How to skip a specific scenario having unique tag from TestNG runner

I have feature file with lots of scenarios, which run on multiple countries. To run on different countries I have created different TestNG runner classes.
Here my question is how can I skip a scenario to run from a specific runner file. I am running scenario's using a feature level tag.
For Example :
Feature file is having #regression tag and I am using this tag in
all runner classes to across the countries. Since data issue for some
countries I want skip some scenario for some countries.(I am using TestNG
runner).

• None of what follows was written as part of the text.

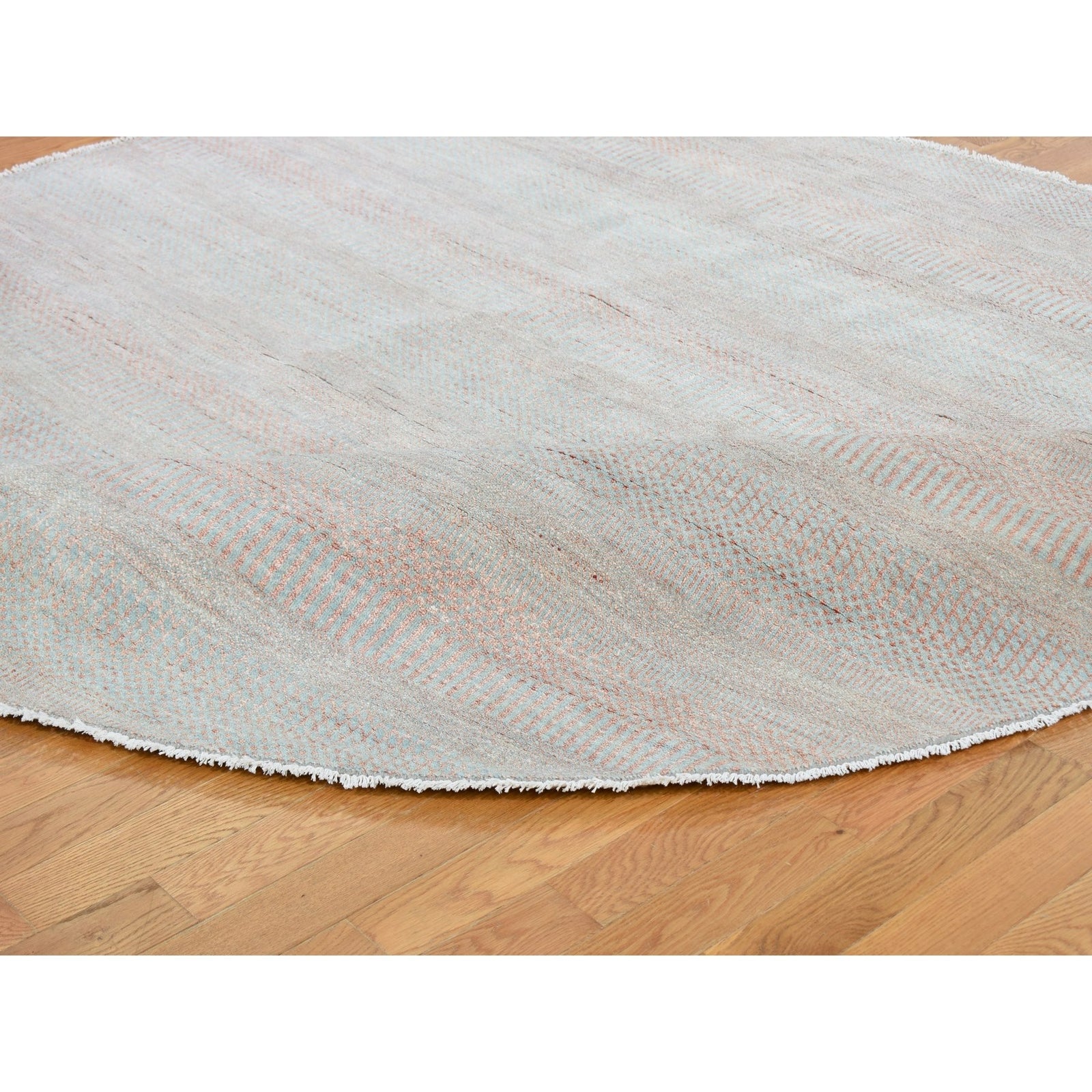 8'X8' Salmon Grass Design Wool And Silk Hand Knotted Round Oriental Rug

I have seen that in JUnit runner you can use not to skip but the
same is not working in TestNG runner.
I tried below :
#CucumberOptions(
plugin = "com.cucumber.listener.ExtentCucumberFormatter:",
monochrome = true,
features = "src/features/Cart",
tags = { "#regression and not #invalid"}
#regression
Feature: Validate login functionality for all countries
#valid
Scenario Outline: login with valid user access
Given site launched
And user enters "<username>"
And user enters "<password>"
When user clicks Sign In button
Then display user home page
Examples:
| username | password |
| xyz | xyz123 |
| abc | abc123 |
#invalid
Scenario Outline: login with invalid user access
Given site launched
And user enters "<username>"
And user enters "<password>"
When user clicks Sign In button
Then display user home page
Examples:
| username | password |
| xyz | xyz123 |
| abc | abc123 |
Below is my runner class file :
package runner;
import java.io.File;
import java.util.HashMap;
import java.util.Map;
import org.junit.runner.RunWith;
import org.testng.annotations.AfterClass;
import org.testng.annotations.BeforeClass;
import com.cucumber.listener.Reporter;
import cucumber.api.CucumberOptions;
import cucumber.api.junit.Cucumber;
import cucumber.api.testng.AbstractTestNGCucumberTests;
import utils.ConfigManagement;
import utils.ExcelSheetManager;
import utils.ExtentReportUtills;
#CucumberOptions(plugin = "com.cucumber.listener.ExtentCucumberFormatter:",
monochrome = true, features = "src/features/Cart", tags = { "#regression and not #invalid"},
format = { "html:cucumber-html-reports1",
"json:cucumber-html-reports/cucumber.json" }, dryRun = false, glue = "steps")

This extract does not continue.